Stratégie de lutte contre la pauvreté : le gouvernement n’a pas totalement pris la mesure de l’urgence

Le Président de la République a présenté hier au Musée de l’Homme sa stratégie nationale de prévention et de lutte contre la pauvreté. L’UDES salue des mesures de nature à améliorer la situation de millions de Français « précaires » mais regrette une mise en œuvre tardive, notamment dans l’aide à l’insertion vers l’emploi, et non articulée avec le pacte de croissance de l’ESS attendu depuis plus de 15 mois par les acteurs du secteur.
 
1. La prévention de la précarité, tout particulièrement chez les jeunes
 
L’UDES approuve l’ensemble des actions visant à renforcer la formation des personnels et développer les structures de la petite enfance (création de crèches, plan de formation des professionnels du secteur, développement des modes d’accueil).
 
L’Union salue l’annonce d’étendre la « Garantie jeune » afin que ce dispositif, dédiée à l’accompagnement des moins de 26 ans les plus éloignés de l’emploi, bénéficie à 500 000 jeunes à l’horizon 2022. L’Union plaidait déjà pour le renforcement de ce dispositif lors de la campagne présidentielle de 2017. 
 
L’UDES se félicite également des moyens supplémentaires accordés aux Missions locales afin d’accompagner spécifiquement les dérocheurs scolaires dans leur recherche de formation.
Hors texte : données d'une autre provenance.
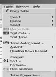 Insert Table – insereaza tabele (Table – Insert table); |
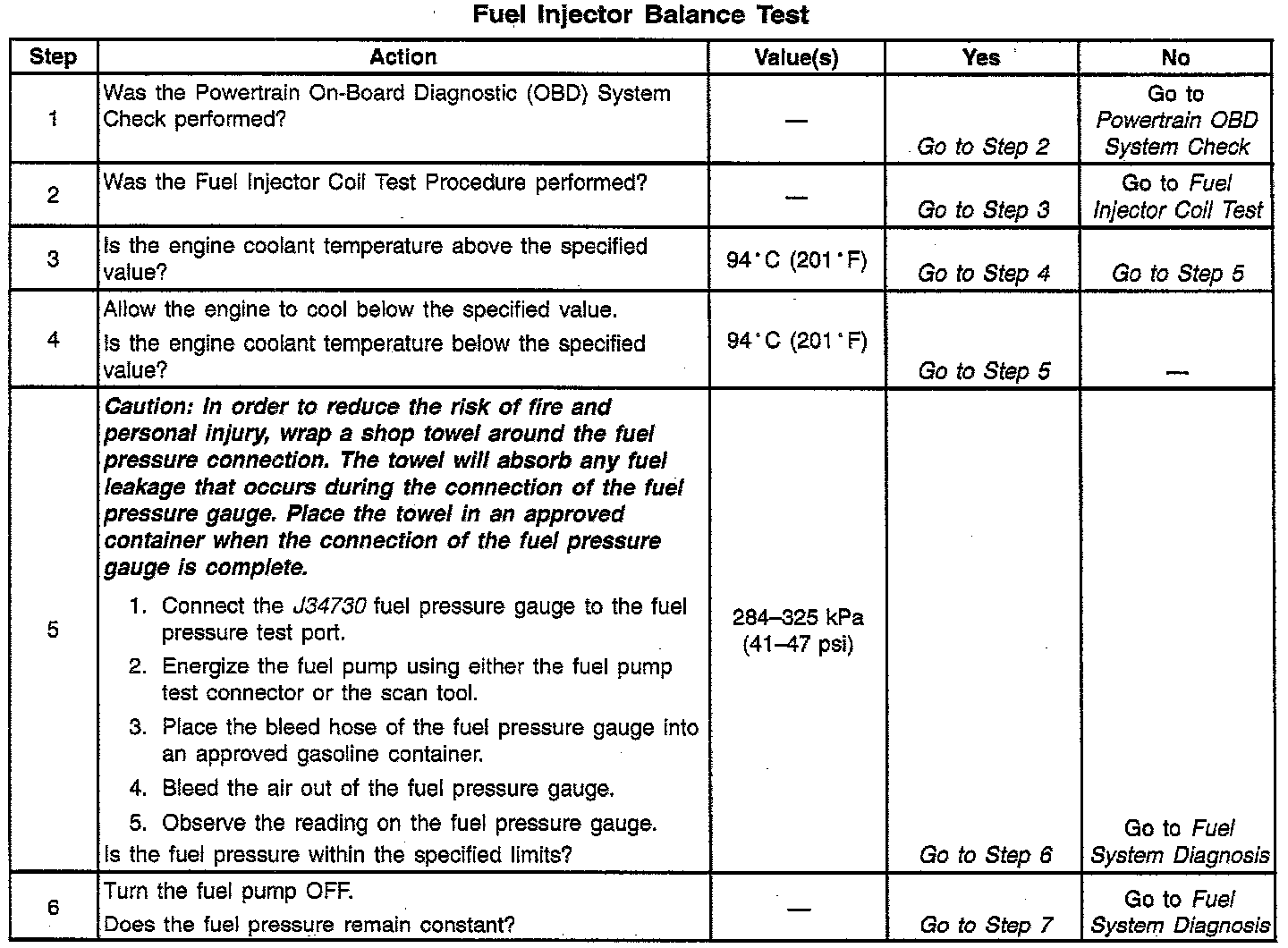6. The fuel pressure should reach a steady value. If the fuel pressure does not reach a steady value, go to Fuel System Diagnosis.

Il s’agit de répondre à l’instauration d’une « obligation » de formation pour les jeunes jusqu’à 18 ans annoncée par le Président.
 
2. L’aide à l’insertion vers l’emploi :
 
L’UDES accueille favorablement l’annonce de la création d’un revenu universel d'activité, sous condition de ressources, qui fusionnerait plusieurs prestations et permettrait de lutter contre le non-recours aux prestations sociales. Cette proposition est très proche de celle formulée par l’Union en 2016 (réforme des minimas sociaux pour en améliorer l’efficacité et la lisibilité et création d’un revenu de base inconditionnel en lieu et place du RSA). L’Union est également favorable à la création d’un service public de l’insertion qui doit permettre un meilleur accompagnement des bénéficiaires du RSA grâce à une simplification de leur parcours et de leurs démarches. Elle souligne la nécessité d’une inscription de cette accompagnement dans une logique contractuelle de droits et de devoirs. Cependant, la mise en œuvre de ces deux mesures est prévue dans un projet de loi à l’horizon 2020. Le Gouvernement ne semble donc pas prendre en considération l’urgence sociale.
 
Enfin, l’UDES salue les mesures prévoyant le développement de l’insertion par l’activité économique. Néanmoins, au vu des ambitions affichées - 100 000 postes supplémentaires d’ici à 2022 -  l’UDES sera vigilante sur les moyens alloués au secteur notamment dans le cadre du prochain projet de loi de finances.
 
« Plusieurs mesures annoncées hier par le Président vont dans le bon sens. Certaines concernent directement des entreprises de l’ESS parmi lesquelles les acteurs de l’insertion, les centres sociaux, la Croix-Rouge, les crèches associatives et plus largement l’ensemble des travailleurs sociaux. De ce fait, il est regrettable que cette stratégie de lutte contre la pauvreté n’ait pas été adossée à un plan de développement des entreprises de l’ESS notamment associatives ; plan maintes fois retardé depuis le début du quinquennat » souligne le président de l’UDES, Hugues Vidor.